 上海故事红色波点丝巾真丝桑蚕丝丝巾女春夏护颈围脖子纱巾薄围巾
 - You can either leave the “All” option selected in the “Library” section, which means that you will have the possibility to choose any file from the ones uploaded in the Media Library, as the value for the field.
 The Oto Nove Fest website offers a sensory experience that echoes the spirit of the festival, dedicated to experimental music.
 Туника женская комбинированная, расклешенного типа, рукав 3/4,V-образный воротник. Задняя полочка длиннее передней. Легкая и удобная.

* * * * * * * * *

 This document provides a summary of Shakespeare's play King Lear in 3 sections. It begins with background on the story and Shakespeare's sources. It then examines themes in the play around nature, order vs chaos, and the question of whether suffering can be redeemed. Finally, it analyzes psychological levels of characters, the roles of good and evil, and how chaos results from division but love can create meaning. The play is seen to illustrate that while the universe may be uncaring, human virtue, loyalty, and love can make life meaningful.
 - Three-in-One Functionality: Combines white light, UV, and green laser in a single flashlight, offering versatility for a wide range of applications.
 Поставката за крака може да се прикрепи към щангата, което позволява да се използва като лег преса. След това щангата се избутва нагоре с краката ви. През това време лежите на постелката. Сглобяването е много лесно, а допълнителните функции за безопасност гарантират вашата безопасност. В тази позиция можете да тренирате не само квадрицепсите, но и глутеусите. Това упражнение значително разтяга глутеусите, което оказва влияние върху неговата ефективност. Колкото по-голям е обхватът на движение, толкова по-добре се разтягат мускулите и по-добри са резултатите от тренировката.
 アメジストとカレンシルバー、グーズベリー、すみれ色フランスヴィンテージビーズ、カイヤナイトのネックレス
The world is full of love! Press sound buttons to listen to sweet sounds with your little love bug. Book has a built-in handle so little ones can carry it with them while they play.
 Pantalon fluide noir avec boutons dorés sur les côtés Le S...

* * * * * * * * *

WORK TO COMPLETE: From the records above, repeat exactly the lines from the one with "The Oto Nove" through the one with "Туника женская комбинированная, расклешенного", both included.

OUTPUT OF THE EXERCISE:
 The Oto Nove Fest website offers a sensory experience that echoes the spirit of the festival, dedicated to experimental music.
 Туника женская комбинированная, расклешенного типа, рукав 3/4,V-образный воротник. Задняя полочка длиннее передней. Легкая и удобная.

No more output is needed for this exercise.